▶ _PROVIDED INFORMATION_:
★ ★ ★

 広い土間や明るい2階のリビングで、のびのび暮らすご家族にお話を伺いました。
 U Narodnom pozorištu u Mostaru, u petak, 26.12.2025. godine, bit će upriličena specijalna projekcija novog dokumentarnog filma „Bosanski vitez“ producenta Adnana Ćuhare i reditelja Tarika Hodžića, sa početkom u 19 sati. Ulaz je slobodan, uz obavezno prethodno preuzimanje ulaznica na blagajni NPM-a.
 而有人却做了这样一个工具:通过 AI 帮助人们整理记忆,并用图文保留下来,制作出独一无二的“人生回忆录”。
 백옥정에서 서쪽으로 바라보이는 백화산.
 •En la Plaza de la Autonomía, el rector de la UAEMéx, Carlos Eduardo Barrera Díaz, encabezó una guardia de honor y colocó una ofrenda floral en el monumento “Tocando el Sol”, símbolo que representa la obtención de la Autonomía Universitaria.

★ ★ ★

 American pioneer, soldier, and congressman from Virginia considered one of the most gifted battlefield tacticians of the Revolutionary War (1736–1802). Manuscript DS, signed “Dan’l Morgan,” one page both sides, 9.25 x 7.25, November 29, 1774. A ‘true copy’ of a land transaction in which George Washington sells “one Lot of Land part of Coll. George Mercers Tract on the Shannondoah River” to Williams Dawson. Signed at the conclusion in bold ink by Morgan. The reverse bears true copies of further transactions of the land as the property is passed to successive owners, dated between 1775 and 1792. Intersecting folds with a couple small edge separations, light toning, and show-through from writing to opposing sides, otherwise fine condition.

★ ★ ★

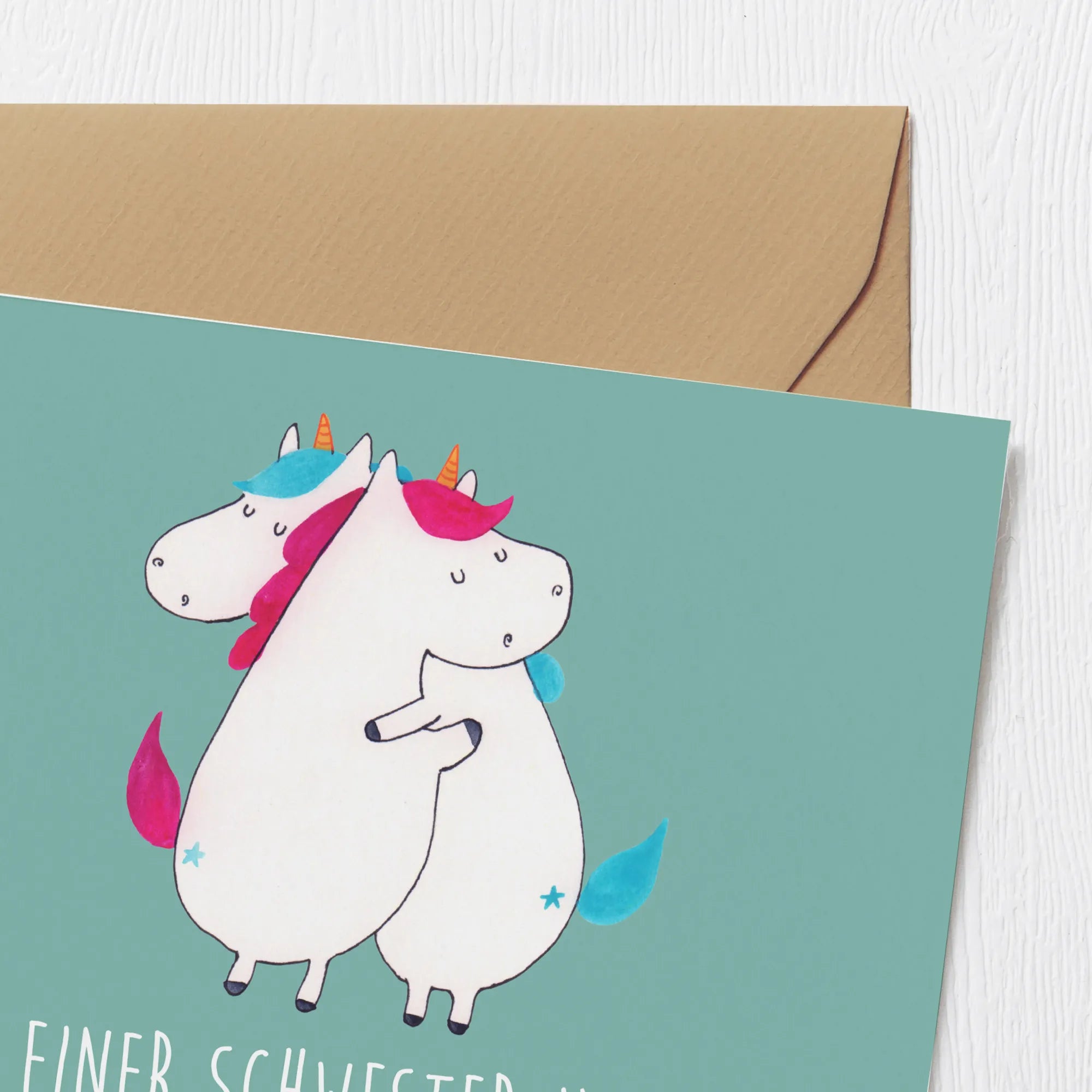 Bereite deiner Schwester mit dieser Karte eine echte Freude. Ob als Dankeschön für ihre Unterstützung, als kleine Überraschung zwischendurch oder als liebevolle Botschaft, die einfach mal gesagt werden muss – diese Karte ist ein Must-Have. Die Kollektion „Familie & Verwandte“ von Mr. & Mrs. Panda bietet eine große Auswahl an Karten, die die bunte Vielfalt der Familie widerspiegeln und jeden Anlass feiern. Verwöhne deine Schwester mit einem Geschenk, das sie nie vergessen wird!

★ ★ ★

Copy out only the lines of the records above from the one with "백옥정에서 서쪽으로 바라보이는 백화산." through the one with "la Autonomía Universitaria.", exactly as they stand, both included.

▶ _SOLUTION BELOW_:
 백옥정에서 서쪽으로 바라보이는 백화산.
 •En la Plaza de la Autonomía, el rector de la UAEMéx, Carlos Eduardo Barrera Díaz, encabezó una guardia de honor y colocó una ofrenda floral en el monumento “Tocando el Sol”, símbolo que representa la obtención de la Autonomía Universitaria.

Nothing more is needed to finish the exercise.